YOUR INSTRUCTIONS: In the records below, find the line that holds "Help make transportation". Restate it and every later line exactly, stopping at the end and skipping pictures.

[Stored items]
++++++

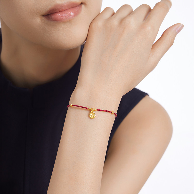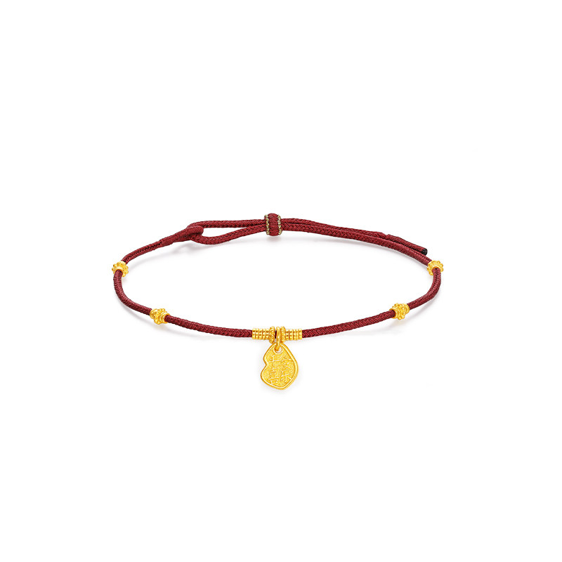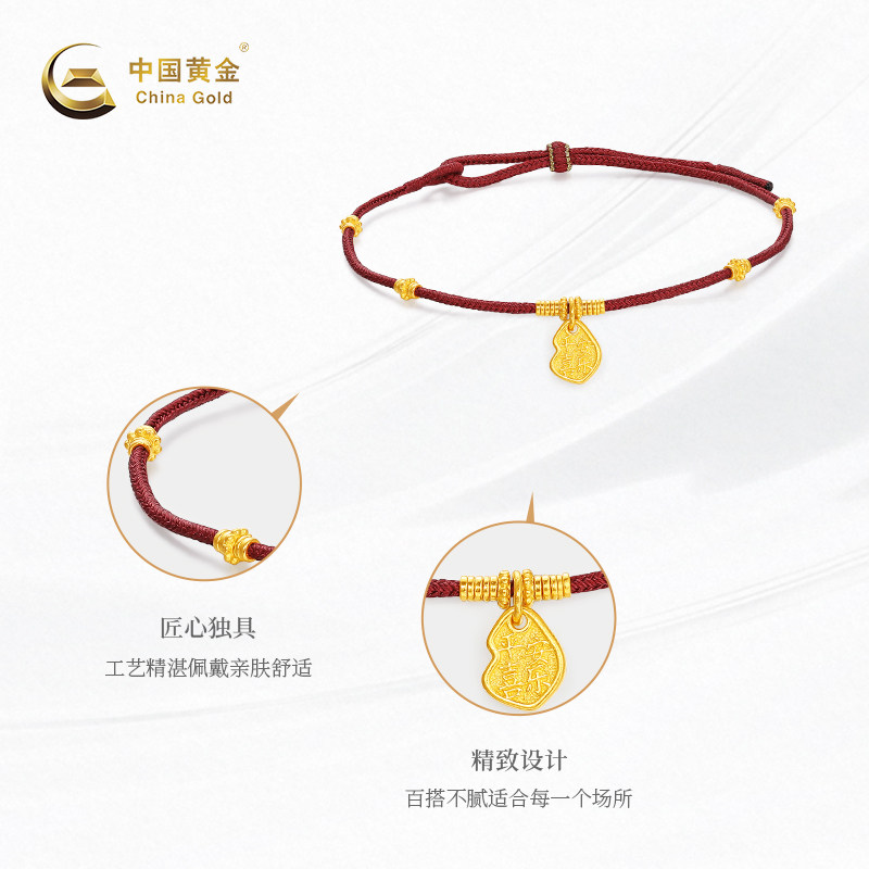 【中国黄金官方店】黄金手饰古法平安喜乐足金手串新品首饰送女友
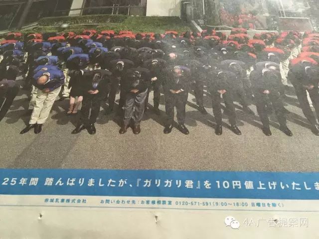 为了表示涨价的歉意,赤城乳业株式会社特地全员动起,上至董事长、下至基层员工,拍摄广告向全日本人民道歉。在这则60秒的广告中,公司社长率领全部员工出镜,神情相当凝重,集体鞠躬道歉,并表示「我们坚持了25年,实在坚持不住了……」。
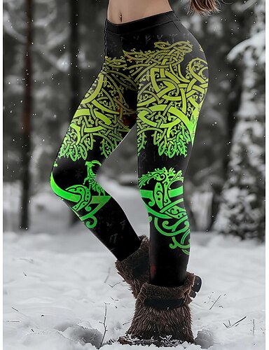 Spodnie Boho Wikingów dla kobiet Legginsy Przytulne Legginsy Wakacje Wintage Streetwear Pełna Długość Naturalna Graficzna Elastyczny Pas Druk Wygodny Komfortowy Wysoka Elastyczność Wakacyjny
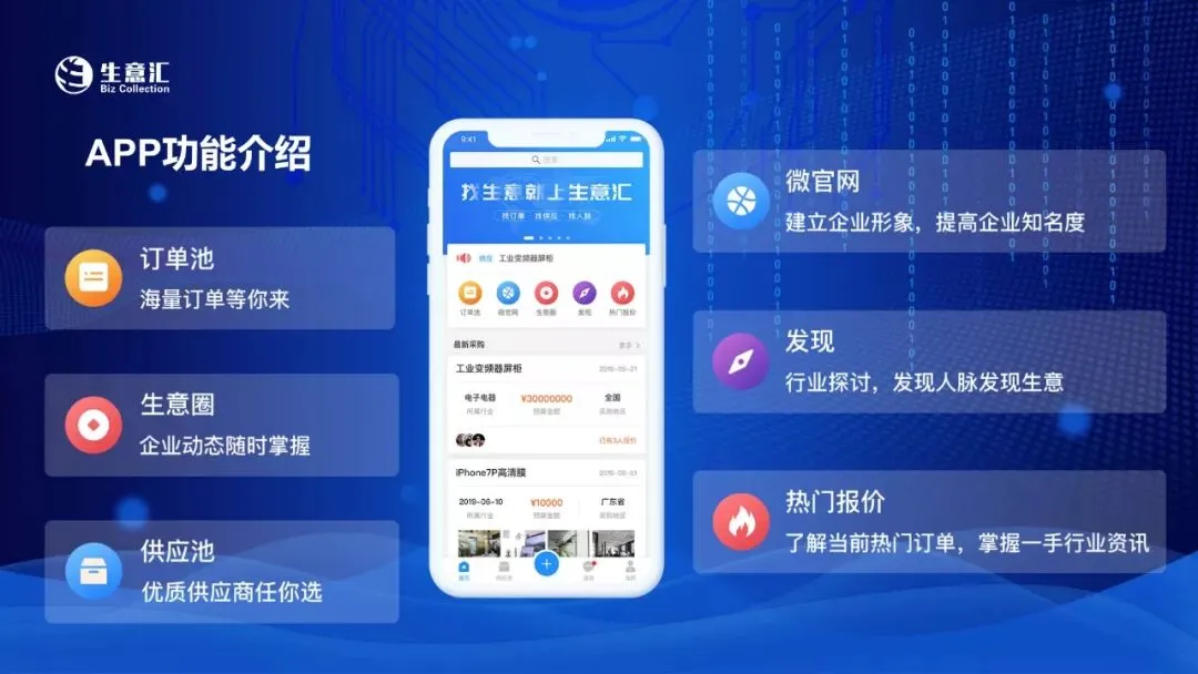 生意汇APP已在各大手机应用平台上架,500万+制造业老板都在这里找订单、找供应商、找资源。并且企业可零技术零成本快速制作属于自己的微官网哦,这样随时就可以上传自己的企业简介和产品到生意汇APP上进行业务宣传和推广,更重要的是,进入生意汇供应商资源库,这样就能在移动端轻松地找生意、接订单,深度链接甲方乙方,实现快速寻源,高效成交。
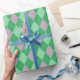 Ce papier d'emballage élégant et mignon présente un motif de Jacquard mignon avec des diamants violets et verts et des lignes pointillées vert citron. Parfait pour les anniversaires et la Saint Patrick.
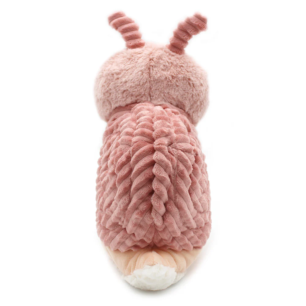 La peluche escargot Ptipotos de 25 cm couleur rose est vendue avec son bébé caché dans sa coquille.
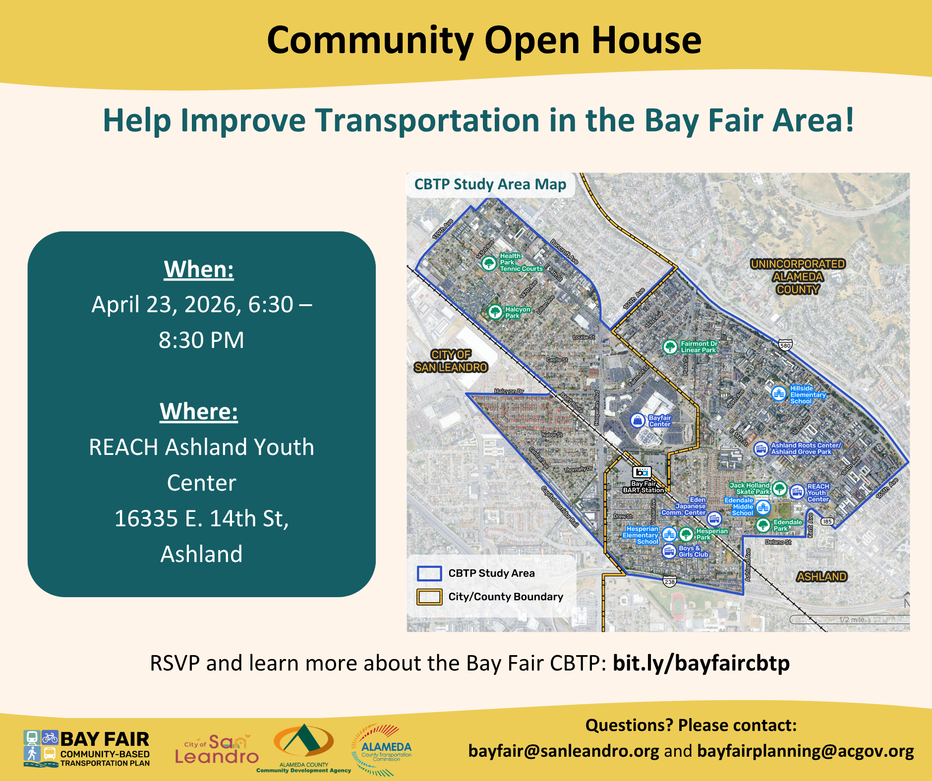 Help make transportation safer and more convenient in the Bay Fair Area! Join Alameda County and the City of San Leandro for our Community Open House with snacks, a kids' coloring station, and giveaways.
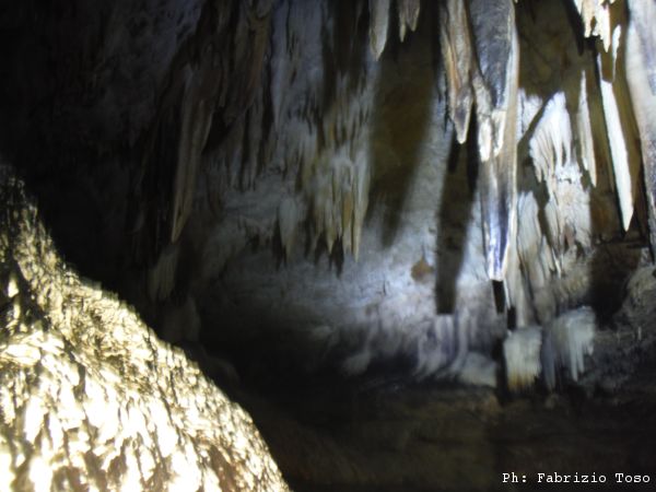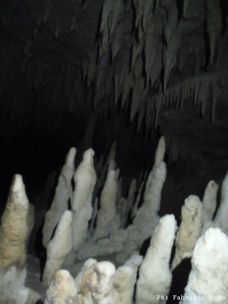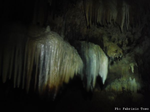 Come sempre mi tengo sulla sinistra dell’ampia galleria che porta al sifone. Il passaggio e’ piu’ in alto del livello normale dell’acqua e quindi c’e’ una interessante zona di concrezioni. Sono all’asciutto da chissa’ quanto tempo ed hanno un aspetto polveroso.
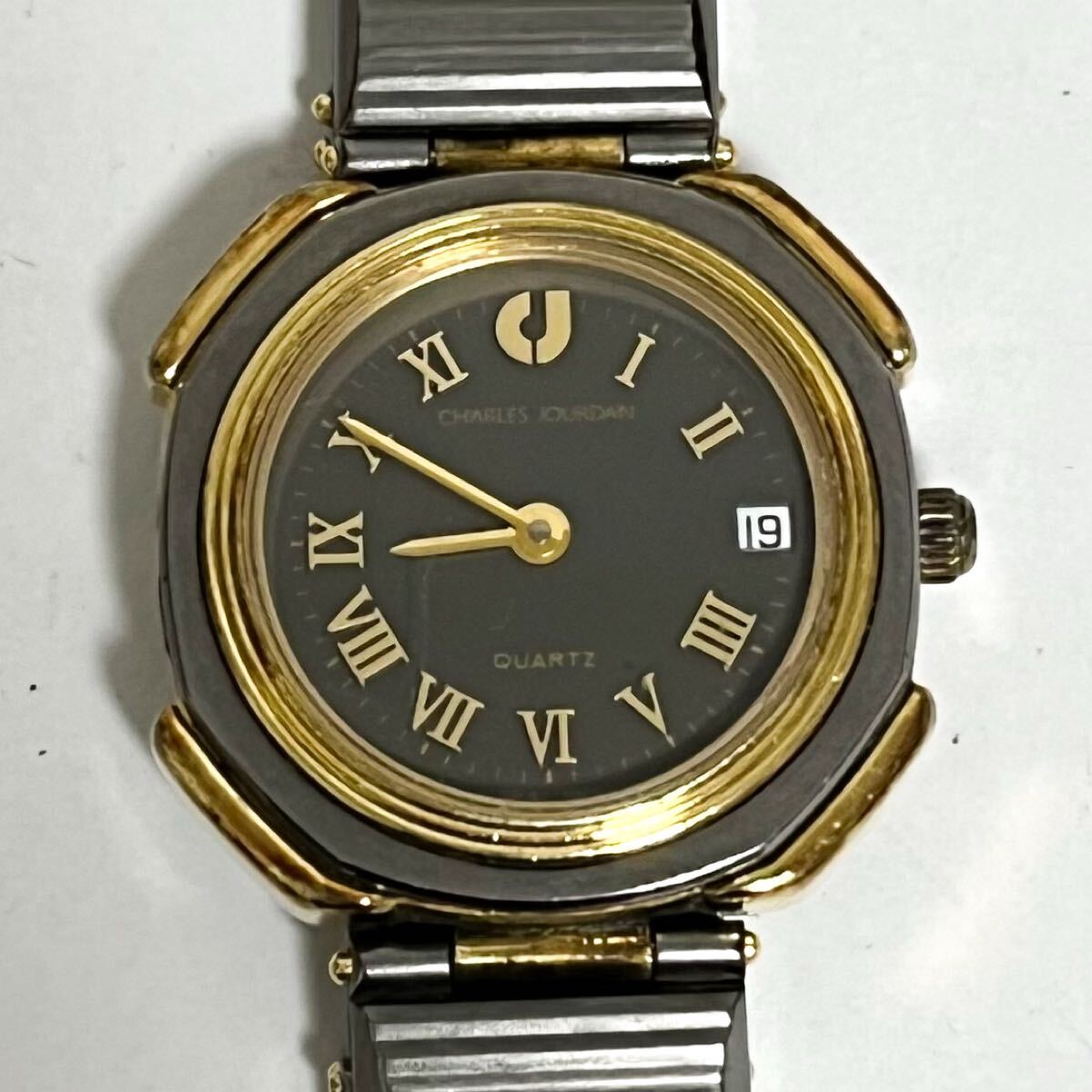 - 和851★ CHARLES JOURDAN シャルルジョルダン クォーツ 腕時計 ウォッチ 2針 日付 232 0852 グレー ゴールド メタルバンド レディース

++++++

OUTPUT FOR THIS TASK:
 Help make transportation safer and more convenient in the Bay Fair Area! Join Alameda County and the City of San Leandro for our Community Open House with snacks, a kids' coloring station, and giveaways.
 Come sempre mi tengo sulla sinistra dell’ampia galleria che porta al sifone. Il passaggio e’ piu’ in alto del livello normale dell’acqua e quindi c’e’ una interessante zona di concrezioni. Sono all’asciutto da chissa’ quanto tempo ed hanno un aspetto polveroso.
 - 和851★ CHARLES JOURDAN シャルルジョルダン クォーツ 腕時計 ウォッチ 2針 日付 232 0852 グレー ゴールド メタルバンド レディース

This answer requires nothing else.